P.P.S. Our next Poetry Night will feature storyteller Michael Gallowglas on March 20th. Join us at the Natsoulas Gallery! 

Dear Friends,

Today I taught my last writing class of the quarter at UC Davis. 

Using this prompt, I asked my juniors and seniors to reflect upon their writing plans moving forward: 1) How will writing function for you after UC Davis, whether on the job or in graduate school? 2) How might you additionally use writing to reflect upon or plan for other goals, whether they be creative, professional, contemplative?

While I don’t subscribe to the idea that shutting down the Department of Education would solve our educational challenges, I do worry about the diminishing appreciation for writing and literature—especially poetry—among some students. The act of writing, the consumption of writing, and the act of sharing one’s writing are all sustaining joys of mine.

I’m not alone. I’ve been collecting quotations from notable authors about writing and writing processes, and as you will see from the following list, many established writers also focus on the joy of writing.

“I write because writing is fun.” (Dorianne Laux)

“I love writing. I love the swirl and swing of words as they tangle with human emotions.” (James A. Michener)

“Writing is a fine thing, because it combines the two pleasures of talking to yourself and talking to a crowd.” (Cesare Pavese)

“I never feel more myself than when I’m writing; I never enjoy any day more than a good writing day.” (Anthony Minghella)

“Well, I think it’s extraordinarily fun to write, and I look forward to it every day, but that doesn’t mean I think it’s easy. There’s a difference between the two. It’s fun in the way all worthwhile things are fun – there’s difficulty attached to it.” (David Guterson)

“I love writing. I never feel really comfortable unless I am either actually writing or have a story going. I could not stop writing.” (P.G. Wodehouse)

“The books I write because I want to read them, the games because I want to play them, and stories I tell because I find them exciting personally.” (Gary Gygax)

“I felt that I had to write. Even if I had never been published, I knew that I would go on writing, enjoying it and experiencing the challenge.” (Gwendolyn Brooks)

“I’m just going to write because I cannot help it.” (Charlotte Bronte C5)

“I couldn’t wait for success, so I went ahead without it.” (Jonathan Winters)

“It is the moment I feel anything is possible, and I know the elation of being a writer.” (Patricia Reilly Giff)

“Writing is its own reward.” (Henry Miller)

“Happiness lies in the joy of achievement and the thrill of creative effort.” (Franklin D. Roosevelt) 

“The great pleasure in life is doing what people say you cannot do.” (Walter Bagehot)

“Enter the writing process with a childlike sense of wonder and discovery. Let it surprise you.” (Charles Ghigna)

“There is pleasure from learning the simple truth, and there is a pleasure from learning that the truth is not simple.” (Wayne Booth)
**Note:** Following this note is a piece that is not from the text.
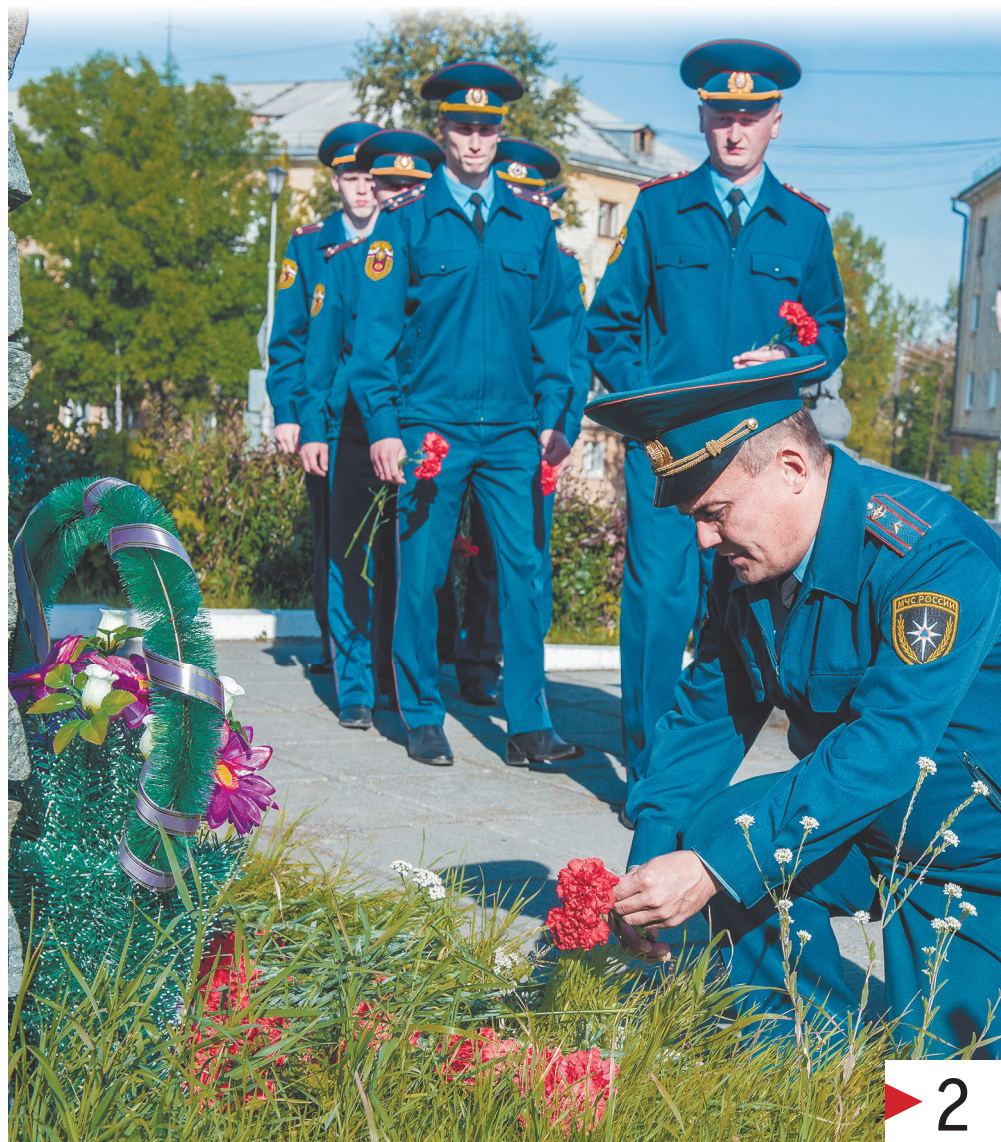
Сотрудники СУ ФПС № 6 почтили память коллег, погибших в противостоянии терроризму.

“I love the work: the grind, the dreaming, the distracted not-sleep, all of it. It’s the one thing in the job that will always be there, and the real pleasure in the profession. Everything else is luck.” (Glen Hirshberg)

“The only joy in the world is to begin.” (Cesar Pavese)

“One of the pleasant things those of us who write or paint do is to have the daily miracle. It does come.” (Gertrude Stein)

“A writer should concern himself with whatever absorbs his fancy, stirs his heart, and unlimbers his typewriter.” (E.B. White)

Perhaps inspired by some of these words of wisdom, I invite you to reflect on the questions I asked my students. Do you feel that your life is richer because of your own voluntary writing projects?

There will be a substitute Quizmaster running tonight’s pub quiz (which I wrote). I’m grateful to pub quiz regular James Raasch (and a member of last week’s championship team) for standing in today. A trained actor and singer, James will raise expectations for future quizzes hosted by merely me.

James has brought to life roles in The People in the PictureThe Mystery of Edwin DroodMan of La ManchaA Spoonful of ShermanSunday in the Park With GeorgeA Statue for Ballybunion, and Natasha, Pierre & The Great Comet of 1812, and Sondheim on Sondheim. Impressively, James served in the Navy band as conductor, staff composer/arranger, unit leader, vocalist, and instrumentalist (playing the trumpet, horn, trombone, and keyboards). He has performed around the globe.

Other favorite productions include playing the title role in Sweeney Todd, Jean Valjean in Les Misérables, Captain Von Trapp in The Sound of Music, and Bert in Mary Poppins. Music direction credits include West Side StorySweeney ToddLittle WomenLegally BlondeMy Fair Lady, and Annie.

We are lucky to have him sub for me at the Pub Quiz tonight.

The temperatures will be in the 50s this evening, but it will be rainy, so you may want to enjoy the quiz from indoors. James will keep the quiz moving—this week’s questions are succinct, totaling just 787 words.

In addition to topics raised above, expect questions tonight on the art genres, Matt Damon, princes, singer-songwriters, fuel, soccer, biggest hits, dog breeds, automated quotations, college-inspired projects, coffee, runners-up, American authors, Italian men, phantoms, basketball, American comedians, popular songs that are not sung, wetlands, groan worthy jokes, African countries, March happenstances, merry tasks, moles, UC Davis choices, presidential homes, science words that start with C, current events, books and authors, and Shakespeare. 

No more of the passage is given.